Secondary structures of RatA, <i>txpA</i>, and the RatA/<i>txpA</i> hybrid. — **Fig. 6. Secondary structures of RatA, *txpA*, and the RatA/*txpA* hybrid.**
Stem-loop (SL) structures and transcription terminators (ter) are labeled. Strong RNase III cleavages sites are shown as thick red arrows and minor sites as thin red arrows. Strong RNase Y cleavage sites are shown as black arrows and minor sites as grey arrows. The main degradation pathway *in vivo* is represented by RNase Y cleavage (blue scissors), followed by degradation of the upstream and downstream fragments by PNPase (green Pacman symbol) and RNase J1 (orange Pacman symbol), respectively. (A) Secondary structure of RatA. (B) Secondary structure of *txpA* (C) Secondary structure of RatA/*txpA* hybrid.

We next examined the degradation pattern of RatA in the absence of txpA, using the strain in which the -10 region of the txpA promoter was deleted. Surprisingly, the degradation pattern of RatA did not change; we observed the same stabilization of RatA in the absence of RNase Y and the accumulation of the same 3′ proximal degradation intermediates of around 130 nts and 75 nts in cells depleted for RNase J1 (Figure S4B). There were two possible explanations for this result; either the structure of RatA does not change significantly upon hybridization to txpA, or RatA is produced in large excess over txpA, in which case the degradation pathway observed in wild-type cells is primarily that of RatA alone, rather than the RatA/txpA hybrid. Quantitative Northern blotting using known quantities of in vitro transcribed RatA and txpA, showed that RatA is present in about 15-fold excess over txpA in wild-type cells (Figure S7), in favor of the latter hypothesis.
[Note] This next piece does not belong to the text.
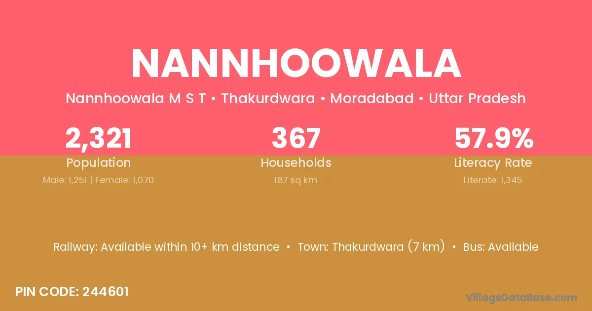 Thakurdwara (7 km) is the nearest town to Nannhoowala village for major economic activities and is located approximately 7 km away.

Degradation of txpA is dependent on both RatA and RNase III

In wild-type cells, turnover of txpA is primarily dependent on RNase III. The fact that RatA is present in large excess over txpA in this strain suggests that, in the case of txpA, we primarily measured an effect of enzyme depletion on the RatA/txpA hybrid. We failed in attempts to make a deletion of the -10 region of the RatA promoter to study the degradation of wild-type txpA in the absence of RatA in vivo, presumably because of TxpA toxicity. To circumvent this problem, we made an untranslated derivative of the txpA mRNA by changing its start codon to AAG. This mutation falls outside of the region of RatA/txpA complementarity and is not anticipated to affect the secondary structure of txpA (see below) or the ability of these two RNAs to form a duplex. Like the wild-type txpA mRNA, the AUG→AAG mRNA was stabilized in strains depleted for RNase III (Figure 7), showing that the degradation of this non-translated derivative is still RNase III dependent. The difference in half-life compared to that measured with the wild-type txpA in Figure 1 (11.5 mins vs. >20 mins) is most likely explained by different RNase III depletion efficiencies in the two experiments.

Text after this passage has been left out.